Correlation based measures can be combined with sentiment measures in simple ways - something as simple as linear/logistic regression could do the trick.

Hope that at least gives you a general idea of what I am trying to do. It might sound complicated, but really the only challenge is data gathering :) For the rest of the things, existing software packages will work pretty well.

A nice book that came out recently that talks about quite a few of these themes is http://www.amazon.com/Finding-Alphas-Quantitative-Approach-Strategies/dp/1119057868. It's very general but provides a good outline and pointers for further study.

Good luck !
How you are deploying your web crawlers? Is it in servers or in your computer itself. I have wrote a web crawlers which crawl deep into websites for text sentimental analysis and data download. The problem is even for a single query it takes at least 5minutes to crawl and because i am using my system itself it takes lots of system resources and heats up my system.

Any advice
 
#6
How you are deploying your web crawlers? Is it in servers or in your computer itself. I have wrote a web crawlers which crawl deep into websites for text sentimental analysis and data download. The problem is even for a single query it takes at least 5minutes to crawl and because i am using my system itself it takes lots of system resources and heats up my system.

Any advice

I have written my own web crawler, with 30+ websites it fetches data every 5sec and writes it in a database. I run the crawler on my own laptop though no sentimental analysis is performed yet. why is your web crawler taking 5 minutes to get a single query?
 
#7
I have written my own web crawler, with 30+ websites it fetches data every 5sec and writes it in a database. I run the crawler on my own laptop though no sentimental analysis is performed yet. why is your web crawler taking 5 minutes to get a single query?
One thing is my webcrawler crawls a link and grabs the whole text(after parsing) in that link and write to a database then It also do a sentimental analysis on the grabbed text.

For a query the above process repeats for several links(minium 20) and with my system config it takes some time
 
#8
One thing is my webcrawler crawls a link and grabs the whole text(after parsing) in that link and write to a database then It also do a sentimental analysis on the grabbed text.

For a query the above process repeats for several links(minium 20) and with my system config it takes some time

I think the better way to program is to make it parallel(asynchronous) fetching. you can save lot of time.
 
#9
One thing is my webcrawler crawls a link and grabs the whole text(after parsing) in that link and write to a database then It also do a sentimental analysis on the grabbed text.

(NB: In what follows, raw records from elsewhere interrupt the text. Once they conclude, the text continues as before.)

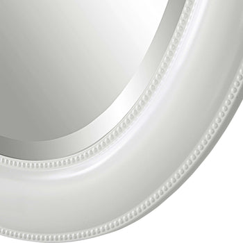 Beaded details enhance the simplicity of this pure white oval frame. The mirror has a 1 bevel and may be hung either vertically or horizontally. Also available in bronze, W00425, and silver, W00529.
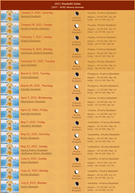 | Ekadashi Vrat List -2021 (a) from drikpanchang.com |
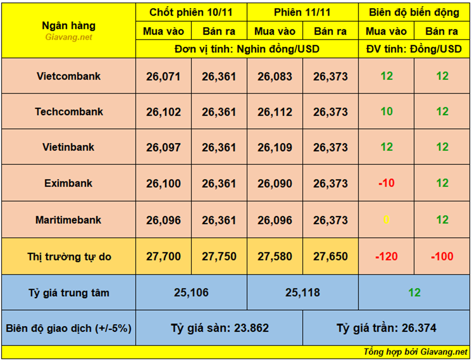 Vietinbank, niêm yết giao dịch mua – bán ở mốc 26.109 – 26.373 VND/USD, giá mua tăng 12 đồng và giá bán tăng 12 đồng so với hôm 10/11.
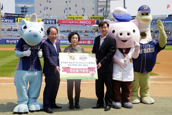 이날 NC다이노스와 한화 이글스의 경기에 앞서 시구는 한돈농가를 대표해 한돈자조금 하태식 의장이 맡았다. 이후 한돈자조금은 창원에 위치한 마산애육원에 어린이 영양지원을 위해 한돈을 전달했다.
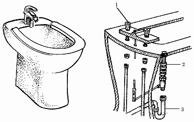 В биде подводится как горячая, так и холодная вода, температура которой регулируется смесителем. Устанавливается биде в непосредственной близости от унитаза. Биде просты как в конструкции, так и в установке (рис. 15).
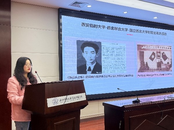 10月20日上午,学院邀请校档案馆赵嘉文老师作《西北大学校史中的红色记忆》专题讲座,赵老师以时间轴为主线,从早期党组织建立、西北联大烽火办学,到建国后学科崛起、新时代争创一流,用珍贵照片与档案呈现百廿年西大与民族共奋进的壮阔画卷,深刻诠释“公诚勤朴”校训和“艰苦创业、自强不息”的精神传统。她勉励大家赓续红色血脉,把个人理想融入国家需求,在科研探索与社会实践中勇当先锋。
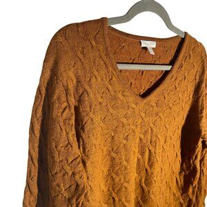 Garnet Hill fitted V neck soft Cable Knit Sweater L Baby Alpaca & Pima Cotton
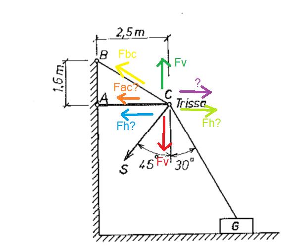Du har lite för många pilar i din figur. Det finns bara 4 krafter som sagt. Rita in dem. Kraften i repet SG och i repet BC är lätta att rita då det säkert är dragkrafter. I stången vet du inte vilken riktning den har men du vet att den är horisontell. Den kan gå åt vänster eller höger men det spelar ingen rolll hur du ritar bara du räknar rätt så ger tecknet i ditt slutresultat rätt riktning. Om du får ett positivt svar så har du ritat rätt, blir svaret negativt så går kraften i andra riktningen.
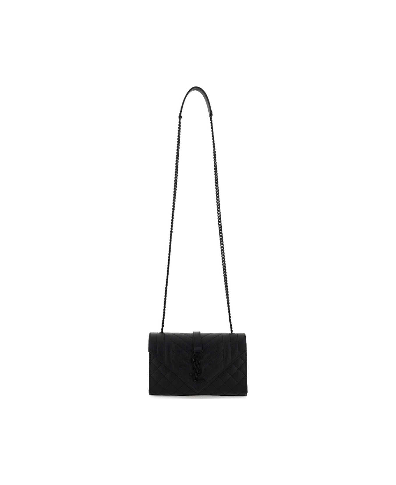 Calfskin Small Satchel Shoulder Bag by Saint Laurent, quilted texture, front monogram logo plaque, magnetic button closure, chain shoulder strap, back flat pocket, internal card slot. Composition: 100% Calf Leather Bos Taurus

For a query the above process repeats for several links(minium 20) and with my system config it takes some time
Parallelization will help. Additionally, you don't need to download the HTML to your disk for storage. Grab the page, parse it on the fly (using BeautifulSoup or something) to remove noise/ads from HTML and get the raw text, then do some preprocessing (stemming, stopword removal) etc. also on the fly. Once you do this, your storage requirements would come down by 50-90%.

You don't need to crawl deep into websites. Just go one level deeper from the landing page, and that too within the same (sub)domain, and then stop. Also do some basic sanity check to make sure that the outlinks do not lead you out to some other website/domain :)

You could easily rent some time on cloud like Amazon's EC2 or RackSpace's if you are intending to do this seriously. Amazon provides ML libraries too (including for doing sentiment analysis) on its cloud. This has become really affordable these days.

On a sidenote, I don't think sentiment analysis would work on Indian markets. There's simply too much market manipulation going on.